Главка открывается двумя песнями о крепостном праве. В «Веселой», с ее ироническим названием и рефреном «Славно жить народу / На Руси святой!», с такой же четкостью, как и в монологе Якима Нагого, названы виновники горькой доли мужика: помещик, чиновник, царь. Последнюю мужицкую коровенку «для приплоду» увели на барский двор, Катерина — старшая дочь и надежда матери — в дворне; с земским судом не шути — оберет догола; а сыновей, «опору милую стареющих отцов» (Пушкин), ждет царская служба. На такую четкость социального мышления не всегда еще способен мужик, особенно темный вахлак. Не случайно поэтому указывается, что песня эта «не народная», т. е. сложенная не самими мужиками. Ее спел вахлакам Гриша Добросклонов. Вахлацкая же неразвитость проявилась в том, что, не поняв глубокой иронии, вахлаки ее не в шутку называют веселой. «Барщинная» и последующие рассказы вахлаков и крестьян соседних волостей раскрывают весь ужас той многовековой системы эксплуатации и надругательства, которая духовно калечила людей, рождала приниженность и безответность:

В лицо позабывали мы

Друг дружку, в землю глядючи,

Мы потеряли речь.

Начатый в I части поэмы суд народный над помещиками становится более широким, гласным, мирским, ибо весь собравшийся со всех дорог на «пир» народ задумывается над тем, что заставило странников промерить полцарства. Но прежде, чем предоставить слово богомолу Ионушке для рассказа о разбойнике Кудеяре и пане Глуховском, его берет сам автор и, затормозив разгоревшийся вахлацкий спор, пространно рассказывает о «странниках и богомольцах». Может возникнуть вопрос: какое отношение имеет разговор о «странниках и богомольцах» к тем острым вопросам, которые обсуждаются на крестьянском «пире»-сходке?
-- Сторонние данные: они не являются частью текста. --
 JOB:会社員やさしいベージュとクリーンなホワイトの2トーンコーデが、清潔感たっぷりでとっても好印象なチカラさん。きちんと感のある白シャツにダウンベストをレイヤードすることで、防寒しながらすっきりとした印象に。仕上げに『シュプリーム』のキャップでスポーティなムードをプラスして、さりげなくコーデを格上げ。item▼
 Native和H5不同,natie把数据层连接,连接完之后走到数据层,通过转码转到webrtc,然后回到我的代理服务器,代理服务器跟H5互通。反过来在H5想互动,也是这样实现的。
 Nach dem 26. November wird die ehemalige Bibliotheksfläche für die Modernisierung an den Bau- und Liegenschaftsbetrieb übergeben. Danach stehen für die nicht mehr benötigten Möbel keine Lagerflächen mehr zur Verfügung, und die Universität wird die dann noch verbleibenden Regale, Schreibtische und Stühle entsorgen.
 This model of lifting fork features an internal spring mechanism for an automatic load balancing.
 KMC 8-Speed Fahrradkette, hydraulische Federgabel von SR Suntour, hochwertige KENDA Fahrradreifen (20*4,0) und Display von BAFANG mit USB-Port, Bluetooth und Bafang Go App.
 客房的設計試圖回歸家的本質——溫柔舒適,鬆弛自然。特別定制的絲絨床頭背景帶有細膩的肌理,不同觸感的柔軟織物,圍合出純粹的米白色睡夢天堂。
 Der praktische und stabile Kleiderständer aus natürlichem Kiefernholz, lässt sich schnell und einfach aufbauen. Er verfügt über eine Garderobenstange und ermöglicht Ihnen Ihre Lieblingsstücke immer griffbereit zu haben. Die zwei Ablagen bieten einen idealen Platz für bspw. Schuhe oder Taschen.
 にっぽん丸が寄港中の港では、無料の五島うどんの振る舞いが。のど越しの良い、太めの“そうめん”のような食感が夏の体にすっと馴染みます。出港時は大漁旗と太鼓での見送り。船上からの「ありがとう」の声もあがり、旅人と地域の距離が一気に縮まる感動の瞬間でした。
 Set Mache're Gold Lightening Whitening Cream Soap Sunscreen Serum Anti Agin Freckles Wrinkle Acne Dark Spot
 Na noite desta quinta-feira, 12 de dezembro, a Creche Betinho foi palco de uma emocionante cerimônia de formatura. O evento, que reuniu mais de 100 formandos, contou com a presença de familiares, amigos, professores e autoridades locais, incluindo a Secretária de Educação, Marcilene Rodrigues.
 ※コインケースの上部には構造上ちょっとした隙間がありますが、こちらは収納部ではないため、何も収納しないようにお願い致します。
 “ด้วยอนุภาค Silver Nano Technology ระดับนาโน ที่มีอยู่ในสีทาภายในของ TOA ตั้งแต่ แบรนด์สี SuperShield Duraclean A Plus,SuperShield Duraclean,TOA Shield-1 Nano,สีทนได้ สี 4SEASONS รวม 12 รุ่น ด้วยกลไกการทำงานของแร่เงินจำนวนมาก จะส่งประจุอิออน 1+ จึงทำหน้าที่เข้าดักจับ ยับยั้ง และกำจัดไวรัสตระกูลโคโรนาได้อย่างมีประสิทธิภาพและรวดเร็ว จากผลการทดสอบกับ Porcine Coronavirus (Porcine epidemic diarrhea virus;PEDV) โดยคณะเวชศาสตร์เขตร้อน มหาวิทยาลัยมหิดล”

Некрасов как вдумчивый исследователь народной жизни стремился учесть все факторы, влияющие на формирование народного сознания. Среди них немаловажная роль принадлежала рассказам, беседам, проповедям всевозможных «божьих людей», богомольцев и странников, проходящих через деревни. Среди этого «бездомного, безродного» странствующего люда, который кормился за счет крестьянского горба, встречались воровки и аферисты, лжецы и подхалимы, карьеристы и развратники, спекулирующие на религиозном чувстве и доверчивости крестьян. Но поэт обращает внимание читателя и на другую, «лицевую» сторону так называемого странничества. Странники оказываются, по Некрасову, для оседлых крестьян источником сведений о мире. Своими рассказами они касаются самых сокровенных струн крестьянской души. (Вспомним, как слушает, в изображении Некрасова, крестьянская семья «быль афонскую»!) Среди этого бродячего люда нередки люди высочайшей нравственности, подвижничество которых носит не формальный (юродивый Фомушка), а гуманно-действенный характер (Ефросиньюшка, посадская вдова). К тому же типу «святых», безупречно нравственных людей принадлежит и Иона Ляпушкин, которому автор поручит рассказ о Кудеяре-разбойнике.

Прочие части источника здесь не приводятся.